В начале нашего романа,
В глухой, далёкой стороне…
Итак, роман героев не равен роману Пушкина, их границы не совпадают. Роман Пушкина «больше» (или «шире») романа героев: образ мира в романе «в третьем лице» объемлется образом сознания автора «в первом лице». Этот «плюс» к роману героев именуют обычно «отступлениями», следом за словом автора в тексте (5, XL); между тем, мы видели, это в известном смысле первоэлемент романа Пушкина, первичная реальность его. Речь «от автора», образ «в первом лице» не отступает от главного в сторону, но обступает со всех сторон. Роман Онегина сразу показан как мой роман, Онегин – как мой герой. Это универсальное мой – предпосылка всего, чем наполнен «Евгений Онегин»; всё, что сюда из мира вошло, вовлечено этим личным моим отношением, помечено первым лицом, является с этим знаком. Мои богини! что вы? где вы? Я шлюсь на вас, мои поэты, Весна моих промчалась дней, Нет, не пошла Москва моя: все первые лица из одного источника и ведут к одному центру и этим равны друг другу. Но в то же время они не равны: герой моего романа – добрый мой приятель. От единого центра эти мои отношения разно направлены в окружающий человеческий мир или же в «мир» романа. Переходами первого лица и строится разноплановая композиция романа в стихах. Г. О. Винокур писал, вспоминая формулу об «энциклопедии русской жизни» Белинского: «Но в этой энциклопедии все отделы подписаны одним и тем же именем, и потому для неё понадобилась необычная и специфическая форма. Эта форма должна была позволить автору не только вместить весь его материал в одну общую раму, но также совместить различные пласты этого материала и разместить его надлежащим образом в соответствии с замыслом».[34]

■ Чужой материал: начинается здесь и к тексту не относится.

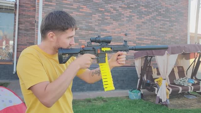 непрерывный режим стрельбы и одиночный выстрел Автоматический выброс гильз Соедините звенья патронной ленты, зарядите в нее пули и установите ленту в окно приемника Реалистичный внешний вид Патронная лента с цепным соединением Игра: 1. Выберите режим стрельбы: одиночный или очередью. Чтобы пулемет стрелял очередью, переведите специальный рычаг, расположенный с левой стороны корпуса игрушки, в положение «автомат». Нажмите на спусковой крючок и удерживайте его, пулемет начнет осуществлять выстрелы очередью. 2. Для того, чтобы пулемет перешел в режим одиночной стрельбы, переведите тот же рычаг, расположенный с левой стороны корпуса игрушки, в положение «одиночный». Затем переведите затвор, расположенный с правой стороны игрушки, и нажмите на спусковой крючок – пулемет начнет осуществлять одиночные выстрелы. 3. Чтобы выбрать режим «автоматический выброс гильз», переведите специальный рычаг, расположенный с правой стороны корпуса игрушки, в вертикальное положение. Для того, чтобы игрушечное оружие перестало автоматически выбрасывать гильзы, переведите рычаг в горизонтальное положение. Дальность выстрела до 10м Размер д/в:83х27см Всегда используйте защитные очки (входят в комплект) Аккумуляторный магазин Не требует перезарядки Непрерывная подача патронов Аккумулятор 7.4V/ 500mAh Li-ion Время подзарядки: 2.5 часа Время работы: 20 мин
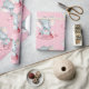 Personalized Name Elephant Baby Girl Pink and Gray Wrapping Paper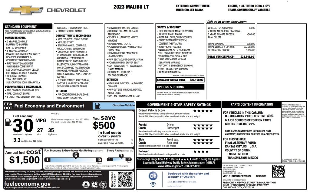 2023 Chevrolet Malibu LT features a features a 1.5L Turbo DOHC 4 Cylinder Engine!

Нам надо ближе теперь рассмотреть, как материал совмещён и размещён «в одной общей раме». Парадоксальный смешанный мир, который сложился уже во второй строфе и тут же стал разделяться, и в целом плане романа членится и распадается, чтобы снова отождествляться, объединяться в целое; членится сплошное повествование, бегущее непрерывно. Сложность пушкинской композиции – в одновременности чувства единства и несовместности; несовпадающие реальности скрываются в том, что можно на материале романа определить однозначно как «мир», «действительность», «я»; структура их образов неоднородна, разноречива. В сплошной действительности, представленной Пушкиным, нам различается не одна, а, пожалуй, несколько неоднородных «действительностей» (и им соответствующих повествовательных рядов в одном непрерывном повествовании), переходящих одна в другую, парадоксально соотнесённых. Их можно было бы условно определить как «действительность Онегина» (роман героев, в собственном смысле роман), «действительность я» (человеческий опыт я, его лирика, «отступления»), наконец, «действительность автора», пишущего роман. Эти действительности «продолжают» одна другую, так что человеческий опыт я совмещается с действительностью Онегина, а в свою очередь я естественно совмещается с автором. Результат, однако, парадоксален: образовавшийся из этого совмещения планов единый план и есть тот несовместимый мир, который мы созерцаем уже во второй строфе. Мир, где живут герои романа и здесь же пишется этот роман, – в той же самой одной общей плоскости.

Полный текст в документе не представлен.